MAIN HOMILETICS OF THE PARAGRAPH.—Verses 19, 20.

The Inferiority of the Law.

I. It did not justify but condemn the sinner by revealing his sin.—“It was added because of transgressions” (ver. 19). Law has no remedial efficacy. It reveals and emphasises the fact of sin. It has no terror while it is obeyed. When it is violated then it thunders, and with pitiless severity terrifies the conscience and inflicts unsparing punishment. There is no strain of mercy in its voice, or in the inflexibility of its methods. It surrenders the condemned to an anguish from which it offers no means of escape. It is said that, after the murder of Darnley, some of the wretches who were concerned in it were found wandering about the streets of Edinburgh crying penitently and lamentably for vengeance on those who had caused them to shed innocent blood.

II. It was temporary in its operation.—“Till the seed should come to whom the promise was made” (ver. 19). The work of the law was preparatory and educative. Centuries rolled away and the promised Seed was long in coming, and it seemed as if the world must remain for ever under the tutelage of the law. All the time the law was doing its work. God was long in fulfilling His promise because man was so slow to learn. When Christ, the promised Seed, appeared, the law was superseded. Its work was done. The preparatory gave place to the permanent; the reign of law was displaced by the reign of grace. The claims of the law were discharged once for all.

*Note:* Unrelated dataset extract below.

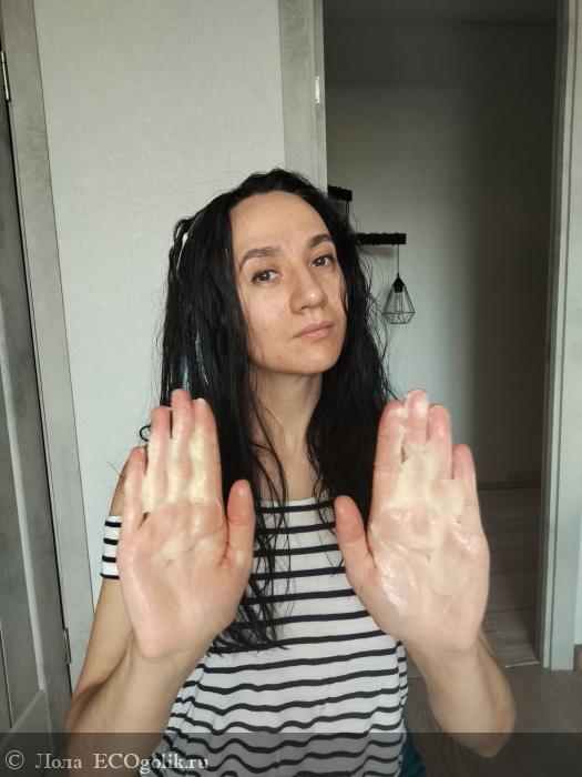 На вымытые чистые волосы я наношу продукт. Набираю его в ладонях,

III. Its revelation was through intermediaries.—“It was ordained by angels in the hand of a Mediator” (ver. 19). In the Jewish estimation the administration of the law by angels enhanced its splendour, and the pomp and ceremony with which Moses made known the will and character of Jehovah added to the impressiveness and superiority of the law. In the Christian view these very methods were evidences of defect and inferiority. The revelations of God by the law were veiled and intermediate; the revelation by Grace is direct and immediate. Under the law God was a distant and obscured personality, and the people unfit to enter His sacred presence; by the Gospel God is brought near to man and permitted to bask in the radiance of His revealed glory, without the intervention of a human mediator. The law, with its elaborate ceremonial and multiplied exactions, is a barrier between the soul and God.

IV. It was contingent, not absolute, in its primal terms.—“Now a Mediator is not a mediator of one, but God is one” (ver. 20). Where a mediator is necessary unity is wanting—not simply in a numerical but in a moral sense, as a matter of feeling and of aim. There are separate interests, discordant views, to be consulted. This was true of Mosaism. It was not the absolute religion. The theocratic legislation of the Pentateuch is lacking in the unity and consistency of a perfect revelation. Its disclosures of God were refracted in a manifest degree by the atmosphere through which they passed. In the promise God spoke immediately and for Himself. The man of Abraham’s faith sees God in His unity. The legalist gets his religion at second-hand, mixed with undivine elements. He projects on the Divine image confusing shadows of human imperfection (Findlay).

Lessons.—1. The law is powerless to remove the sin it exposes. 2. The law had the defect of all preparatory dispensations. 3. The law imposes conditions it does not help to fulfil.

GERM NOTES ON THE VERSES.

Vers. 19, 20. The Law is for Transgressors.

I. We are taught to examine and search our hearts by the law of God.—1. When any sin is forbidden in any commandment of the law, under it all sins of the same kind are forbidden, all causes of them and all occasions. 2. A commandment negative includes the affirmative, and binds us not only to abstain from evil, but also to do the contrary good. 3. Every commandment must be understood with a curse annexed to it, though the curse be not expressed. 4. We must especially examine ourselves by the first and last commandments. The first forbids the first motions of our hearts against God, and the last forbids the first motions of our hearts against our neighbour.